The seven local entries in the mixed 800 were all GFS Tigers, starting with top-10 finisher Grayson Hepp. A junior, Hepp clocked in with the sixth best time altogether (1:57.89) and was fourth in the fastest heat.

Sophomore Jonnie Plass (2:02.21) was fifth in his heat and 20th out of all competitors, while seniors Ethan Jones (34th; 2:05.67) and Mathias Hammer (35th; 2:06.20), running together, crossed the line third and fourth. That heat also included junior Jad Blaik, who was seventh out of this group and 56th overall (2:21.77).

In a another heat, freshman Colin Reilly hit the 37th time overall (2:07.28) and was ninth within his grouping. Sophomore Ethan Addis ranked 61st overall, coming in fourth in his heat with a time of 2:26.24.

Other events at the festival featured coaches and alumni from area institutions. Ben Ritz, the eldest of the GA brothers, has just finished his sophomore year at Columbia, and last Tuesday he won the men’s elite 1500 meter run in 3:50.82. In the women’s 1500 Carey Celata, a Penn sophomore out of GFS, placed third in 4:34.83.
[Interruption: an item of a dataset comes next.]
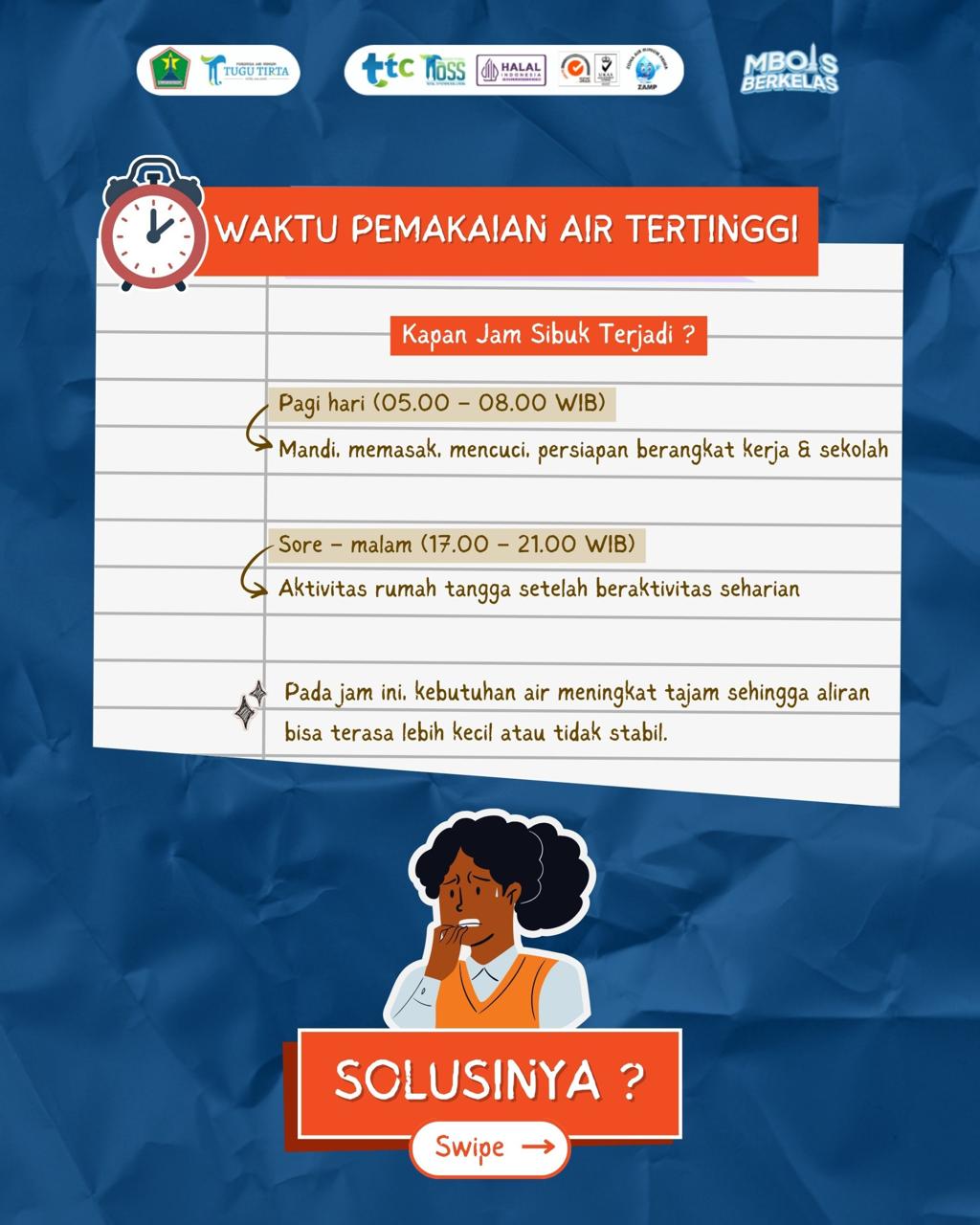 Solusi cerdasnya: pakai tandon air di rumah sebagai cadangan, supaya kebutuhan air tetap aman meski di jam sibuk.

In a separate heat of the men’s 1500, GFS assistant coach Phil Celona came in fourth with a time of 3:57.93.

When Sarah Walker set a freshman PR at this meet back in 2013, the weather was uncomfortably hot. Last week, it was cool to begin with, then distinctly chilly for the thin-clads after dusk. Drizzle and mist persisted, and although it never developed into steady rain, there were only a few brief spells when no precipitation was present.

In the hours leading up to her race, Walker and some of her team mates found ways to cope with the unseasonably cold conditions.
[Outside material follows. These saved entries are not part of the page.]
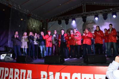 Вел концертную программу народный артист Республики Беларусь, художественный руководитель ансамбля "Сябры" Анатолий Ярмоленко. На нем была красная куртка с символикой КПРФ. Через всю сцену был растянут транспарант с надписью «За нами правда! Вместе победим!». С права и слева от сцены на больших экранах осуществлялась прямая трансляция митинга-концерта, так что происходящее можно было увидеть издалека.
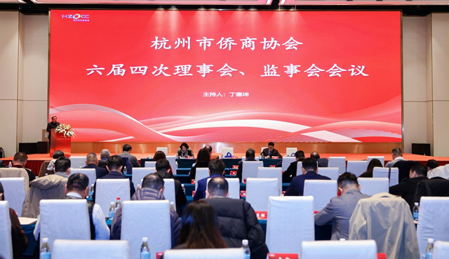 六届四次理事会、监事会会议由执行会长丁德坤主持。会议听取并审议通过了《杭州市侨商协会2025年工作报告》《2025年监事会工作报告》《财务报告》。大会决议指出,2025年,协会在市委市政府坚强领导和市委统战部、市侨办具体指导下,深入践行“服务立会、依法办会、创新强会、以侨兴会”发展理念,团结带领广大侨商,在服务国家战略、助力“两个先行”、参与“共富示范”、推动杭州经济社会高质量发展中展现了侨商担当。
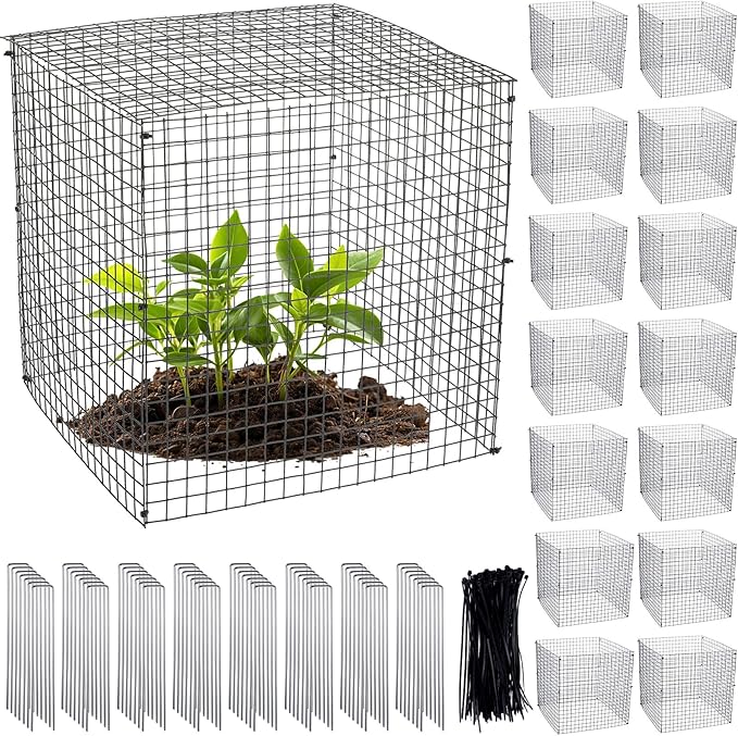 Zubebe 14 Pack Small Wire Plant Protectors Square Plant Protectors from Animals Mesh Cage Chicken Wire Cloche for Shrubs and Vegetables with Ground Stakes and Nylon Ties (12 x 12 Inch)

She related, “The bathroom’s warm, so we were sitting in there, and I was in my mom’s car for about five minutes. Mostly, it was just blankets and stuff.”

Right before her race, Sam Ritz and Cheltenham’s Lewis would square off. In their two head-to-head encounters in the 800 during the indoor season, each had beaten the other once.

On Friday, May 29, Ritz had run the mile out at the prestigious Prefontaine Classic in Eugene, Ore. Even within this top-flight field, he’d been dissatisfied with his sixth-place finish.

“That was probably my biggest disappointment this year,” he admitted. “I was hoping to run there like I did here today. I was kind of bummed out over the weekend, but one trait I’ve tried to learn as an athlete is to create good races after less-than-stellar ones. I’m pretty happy I was able to do that tonight.”

Lewis held a slight lead over Ritz and Perretta at the end of the first lap, and then Perretta began to move on the back straight.

Ritz related that back at the halfway point, “I wasn’t quite confident enough to take it out [over Lewis] right there, but it paid off because Perretta is a heck of an athlete, too. I kind of played it safe, and had a nice finish.”

Lewis and Perretta were battling at the front approaching the final turn, but then Ritz passed them both and remained ahead as the trio went down the home straight.

Like a number of athletes at the meet, Ritz momentarily mistook a set of markings on the track for the finish line, when the actual line was another ten meters farther on. He recovered quickly and still secured the victory, although he gave away a fraction of a second in his time.

“I’ve done that before here, so I realized it pretty quickly,” he said.

While Ritz’s race was limited to elite high school competitors, Walker’s was open to older athletes, as well. GFS assistant coach Kelsey Rose, a former middle-distance runner for St. Joseph’s University, was signed up for the race, and served as a pacer or “rabbit” for the first lap or so.

“She took us through the first 400 at about 59 or 60 [seconds],” Walker related, “and then I passed her around 500.”

No one went with Walker. Near the end of the back straight, she appeared to slow down slightly, as if trying to get a sense of where the competition was. She realized she was on her own, and still managed to grind out a PR.

The cool weather in West Chester was significantly different from the conditions that will probably await Walker in Cuba and then in North Carolina.

“We had some hot days last month and I kind of got a feel for that,” she related. “I know I have to try to stay hydrated during the day [leading up to a race], because sometimes I forget.”

She’ll need to be at her peak for another two weeks, and she said, “I’m just going to try and keep in top shape, but not overdo it.”